DateTime feature engineering transformer.

Supported Methods: - extract_components: Extract year, month, day, etc. - cyclical_encode: Encode time features as sin/cos for cyclical patterns - time_since: Calculate time since reference date - is_weekend: Binary weekend indicator - is_holiday: Binary holiday indicator (requires holiday calendar)

bitbullet.transform.transformers.target.TargetEncodingTransformer

Bases: BaseTransformer

Target encoder with OOF-aware fit_transform and multiclass support.

describe()

Return an audit-trail summary of the fitted encoder.

All source columns in one step share the same mode/classes/positive_label (driven by target_type + y), so those live at the top level. output_columns_by_input maps each source column to the channel columns produced for it.

Folds and CV params are recorded as configuration only; they are not part of the serialized inference state.

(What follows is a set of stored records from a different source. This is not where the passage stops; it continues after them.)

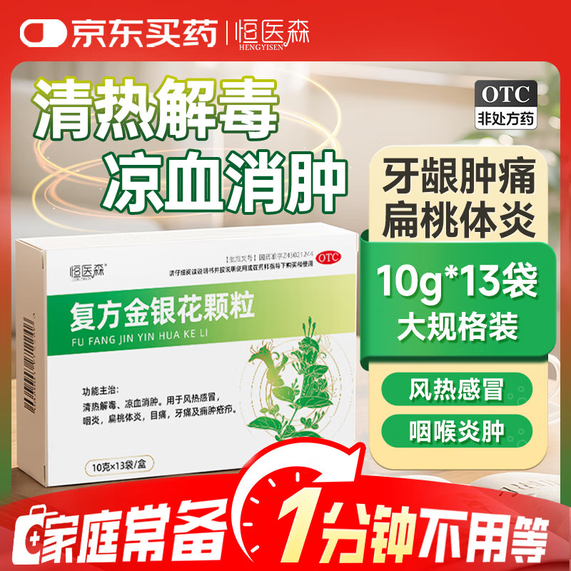 [大规格更优惠]恒医森 复方金银花颗粒 10g*13袋/盒 清热解毒 咽炎 扁桃体发炎 喉咙痛咽喉肿痛 降火去火排毒 牙龈肿痛 清火治上火 牙痛牙疼 咽喉炎嗓子疼下火
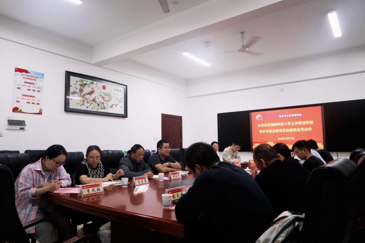 公共管理学科及MPA发展的相关情况后,毛新志教授就公共管理学科建设与MPA发展进行了深入的探讨和指导,详细分享了湖南师范大学MPA建设的历程、经验和心得体会,并对学位点建设、师资队伍、方向设置、案例开发、招生宣传、审核评估等方面提出了具有针对性的建议。
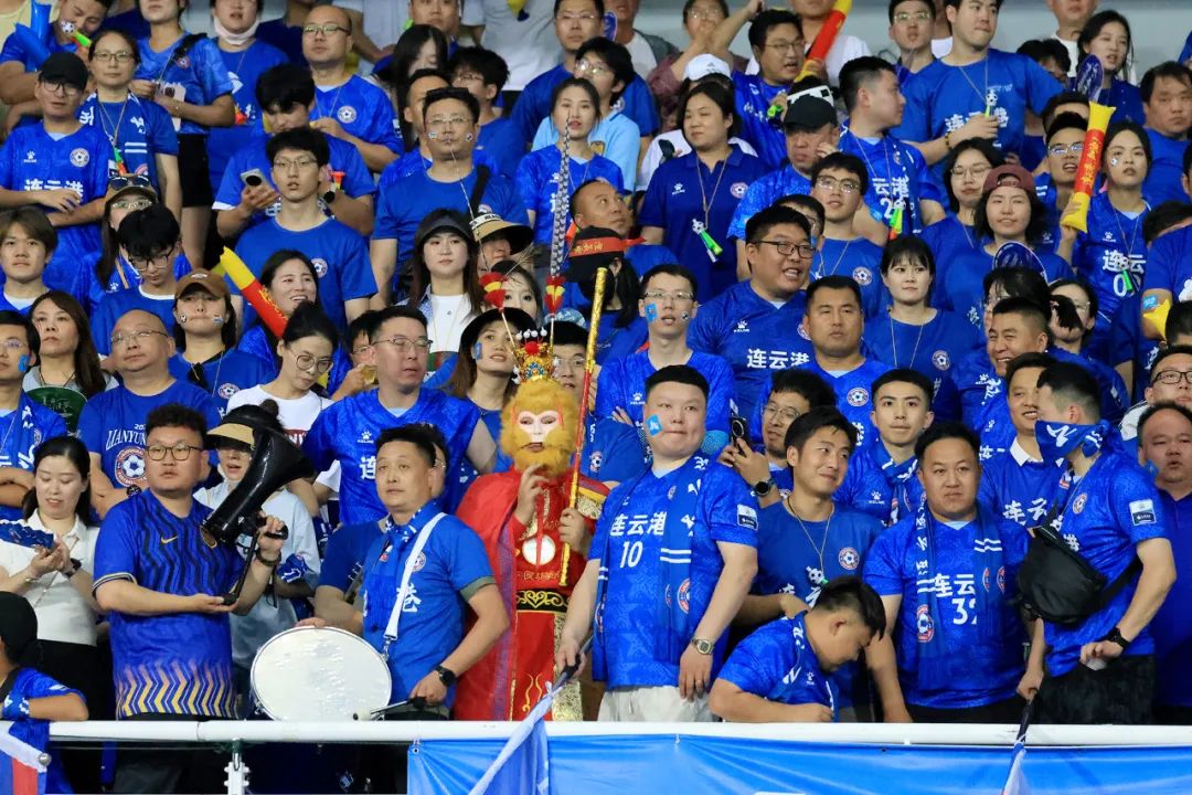 6月15日晚,连云港队主场迎战苏州队。看台上为连云港队加油的球迷。冯宝林 摄
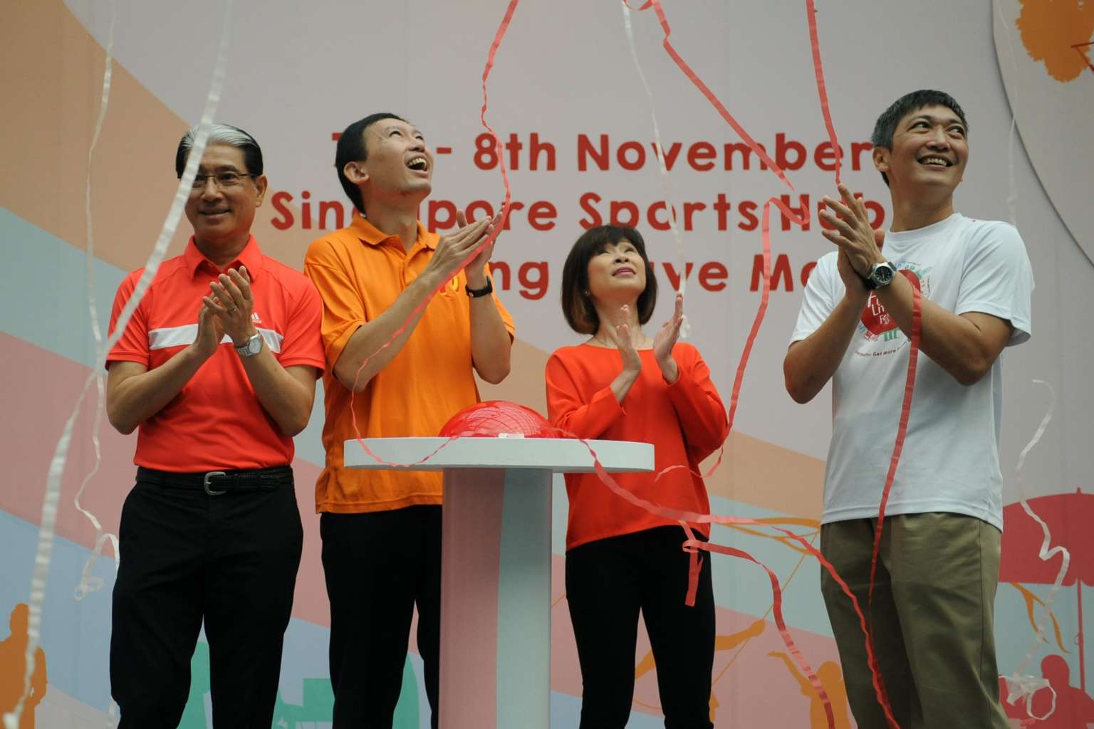 (From left) Mr Lucas Chow, Mr Chee Hong Tat, Dr Amy Khor and Mr Zee Yoong Kang doing the opening ceremony of the Healthy Lifestyle Festival SG Anchor Event.
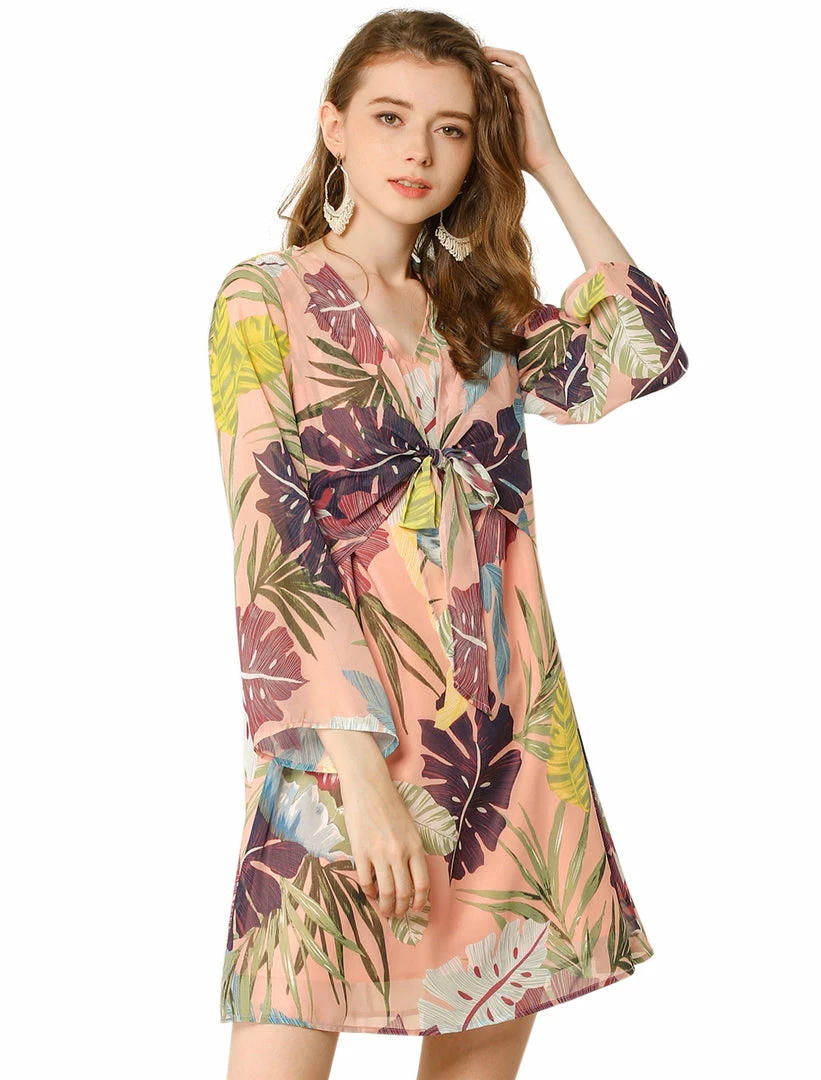 Allegra K Women’s V Neck Tie Front Tropical Floral Print Dress
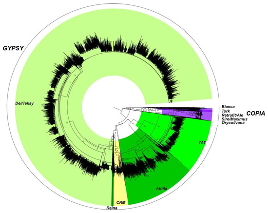 Complete and incomplete TEs were classified according to their Orders and Superfamilies, as described in [25]. In rubber, the largest Order consists of the LTR retrotransposons (RLX in Table 1). LTRs represent more than 77% of TE length in the genome sequence of clone PB 260. Far behind, the Large Retro-transposon Derivatives (RXX-LARD) Order/Superfamily represented 7%. MITE (Miniature Inverted-repeat Transposable Element, 0.13% of TE) and SINE (0.17% of TE), with less than 1700 copies each, were annotated separately with more specific pipelines, namely MUST and Sine_finder (Figure 2). Since most TEs belonged to the LTR Order, a complete phylogenetic analysis, based on amino acid sequences from the reverse transcriptase (RT) domain, when present, was carried out on 1476 full-length copies obtained after LTR_STRUC and Inpactor classification with nine major lineages of LTR retrotransposons, of which 4 and 5 belonged to the Ty1/copia and Ty3/gypsy superfamilies, respectively (Supplementary Figure S1). In addition, the representativeness of the diversity of LTRs was not affected by the manual curation step of the consensus sequences predicted with REPET, as shown by the complete phylogenetic analysis carried out before and after manual curation (Supplementary Figure S2A,B). Lastly, at genome-wide level, a significant fraction of the Hevea genome was composed of LTR Ty3/gypsy elements and more particularly the Del/Tekay groups, with more than 9129 elements (9129/11,989; 76.1% of RT domains) (Figure 3).

fit_transform(data, y=None)

Fit and return OOF-encoded training data.

Order of operations
  1. fit(data, y) learns + stores the full-data map per channel (this is what transform uses at inference).
  2. For each source column, compute the OOF encoding using the configured CV strategy. Each fold builds a temporary map from the other folds and encodes the held-out rows with it.
  3. Replace source columns with their OOF channel columns.

The per-fold maps are throwaway scratch — only the full-data maps from step 1 are serialized for inference.

EDA Utilities

bitbullet.transform.eda.generate_feature_stats(df)

Generate a comprehensive statistics table for feature exploration to assist in deciding transformations.

Returns:

Type Description
DataFrame

Tuple containing:

List[str]
  • stats_df: DataFrame with comprehensive statistics
List[str]
  • numerical_cols: List of identified numerical columns
Tuple[DataFrame, List[str], List[str]]
  • categorical_cols: List of identified categorical/text columns

bitbullet.transform.eda.plot_pipeline_transformations(pipeline, X_orig, X_trans)

Interactively generates a before-and-after plot for all features modified by the given TransformPipeline. Automatically handles both numerical and categorical data behaviors.